If any of the conditions specified in this Section 8 shall not have been fulfilled when and as provided herein, or if any of the opinions, letters and certificates mentioned above or elsewhere in this Agreement shall not be reasonably satisfactory in form and substance to the Representative and counsel for the Underwriters, this Agreement and all obligations of the Underwriters hereunder may be canceled at, or at any time prior to, the Closing Date by the Representative. Notice of such cancellation shall be given to the Company and the Selling Shareholder in writing or by telephone or facsimile confirmed in writing.

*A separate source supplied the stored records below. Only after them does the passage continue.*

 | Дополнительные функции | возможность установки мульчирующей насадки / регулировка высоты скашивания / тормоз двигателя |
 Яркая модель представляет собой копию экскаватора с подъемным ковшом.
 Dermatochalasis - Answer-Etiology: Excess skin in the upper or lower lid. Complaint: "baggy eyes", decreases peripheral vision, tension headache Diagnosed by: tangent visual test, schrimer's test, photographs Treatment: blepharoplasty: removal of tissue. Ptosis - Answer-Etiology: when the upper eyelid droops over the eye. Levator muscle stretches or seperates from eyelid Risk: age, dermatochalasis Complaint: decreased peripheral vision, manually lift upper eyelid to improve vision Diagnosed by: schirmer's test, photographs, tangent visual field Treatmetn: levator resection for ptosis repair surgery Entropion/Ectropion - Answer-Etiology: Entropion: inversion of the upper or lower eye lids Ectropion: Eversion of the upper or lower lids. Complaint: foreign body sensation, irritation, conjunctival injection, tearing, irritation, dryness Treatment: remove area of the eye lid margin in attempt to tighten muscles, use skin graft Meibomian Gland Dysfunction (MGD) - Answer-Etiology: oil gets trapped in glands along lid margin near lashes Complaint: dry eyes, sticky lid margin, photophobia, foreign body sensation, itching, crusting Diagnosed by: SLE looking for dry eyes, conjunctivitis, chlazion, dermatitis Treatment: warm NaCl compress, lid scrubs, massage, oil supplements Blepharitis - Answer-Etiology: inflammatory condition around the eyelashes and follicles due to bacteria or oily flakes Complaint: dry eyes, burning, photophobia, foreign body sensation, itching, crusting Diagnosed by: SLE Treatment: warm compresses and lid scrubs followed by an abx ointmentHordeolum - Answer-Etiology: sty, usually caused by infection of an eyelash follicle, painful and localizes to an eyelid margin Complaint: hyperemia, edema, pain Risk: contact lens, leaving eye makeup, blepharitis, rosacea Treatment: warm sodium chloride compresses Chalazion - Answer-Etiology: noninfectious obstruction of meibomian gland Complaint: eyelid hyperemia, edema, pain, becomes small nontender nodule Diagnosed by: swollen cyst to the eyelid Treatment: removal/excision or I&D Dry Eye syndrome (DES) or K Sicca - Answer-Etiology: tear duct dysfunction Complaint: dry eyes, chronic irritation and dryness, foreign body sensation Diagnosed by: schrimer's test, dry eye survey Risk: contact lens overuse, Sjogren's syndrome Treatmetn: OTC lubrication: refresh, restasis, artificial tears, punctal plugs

The documents required to be delivered by this Section 8 shall be delivered at the office of Paul Hastings LLP, counsel for the Underwriters, at 75 East 55th Street, New York, New York 10022, on the Closing Date.

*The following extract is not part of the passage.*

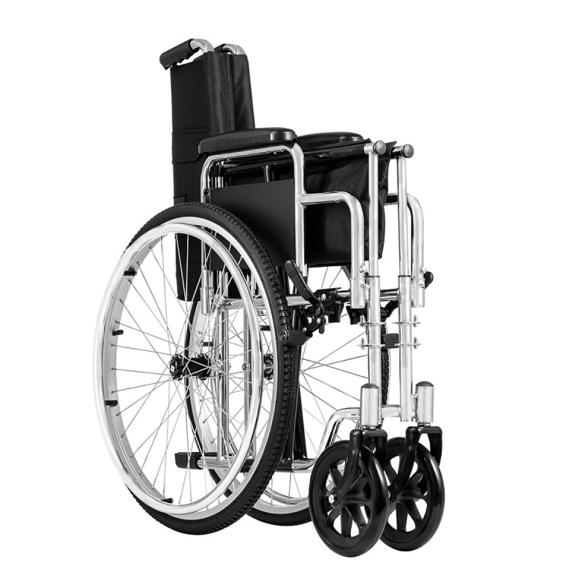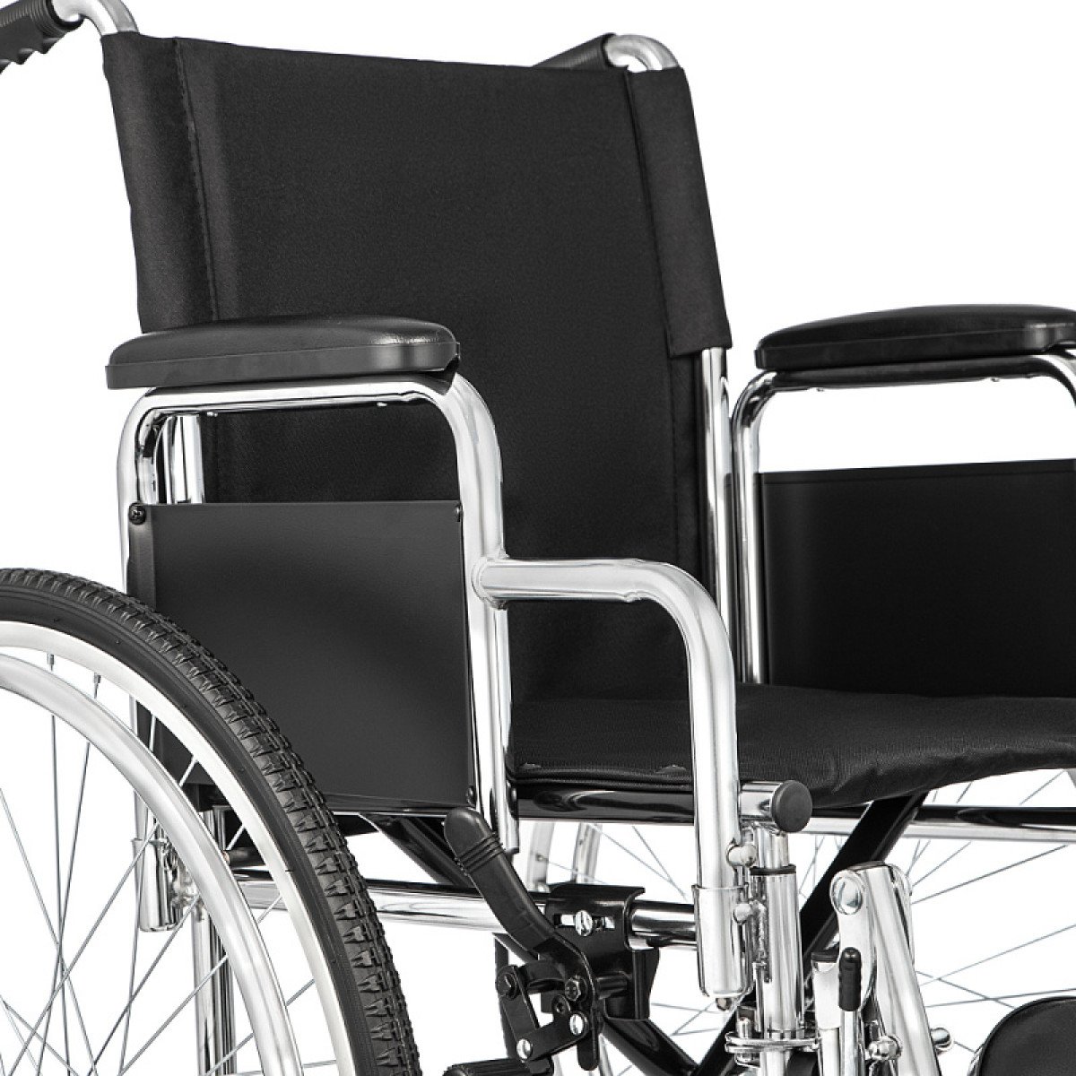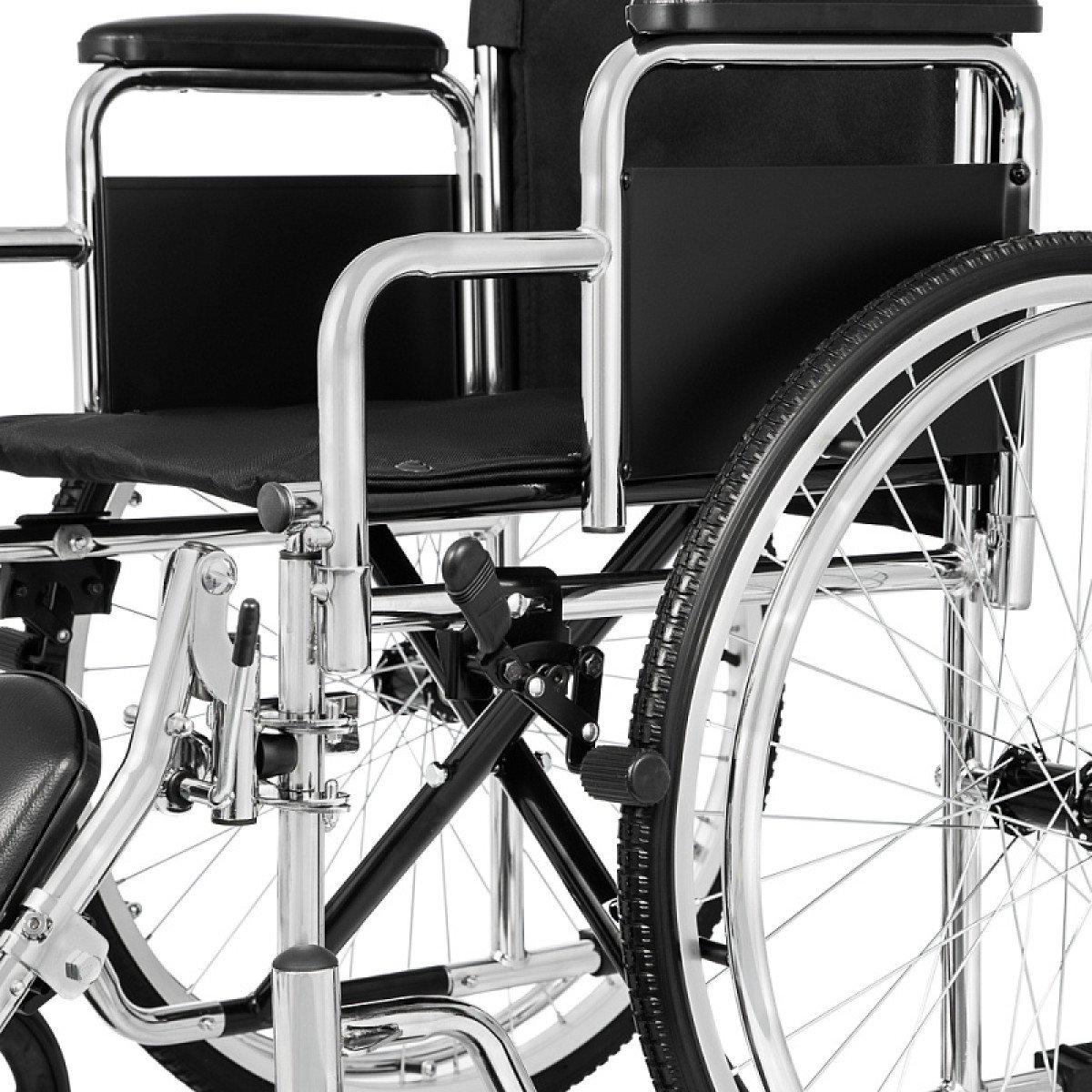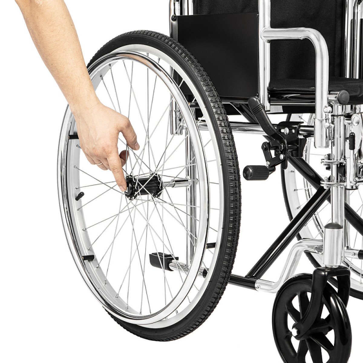 Хромированное покрытие защищает раму от коррозии и продлевает срок службы. Коляска быстро складывается без инструментов, а быстросъёмные задние колёса делают её удобной для перевозки и хранения. Для сопровождающего предусмотрены ручки, которые упрощают управление.

9. Reimbursement of Underwriters’ Expenses. If the sale of the International Shares provided for herein is not consummated because any condition to the obligations of the Underwriters set forth in Section 8 hereof is not satisfied, because of any termination pursuant to Section 12 hereof or because of any refusal, inability or failure on the part of the Company or the Selling Shareholder to perform any agreement herein or comply with any provision hereof other than by reason of a default by any of the Underwriters, the Selling Shareholder will reimburse the Underwriters severally through the Representative on demand for all reasonable and documented out-of-pocket expenses (including reasonable and documented fees and disbursements of outside counsel) that shall have been incurred by them in connection with the proposed purchase and sale of the International Shares.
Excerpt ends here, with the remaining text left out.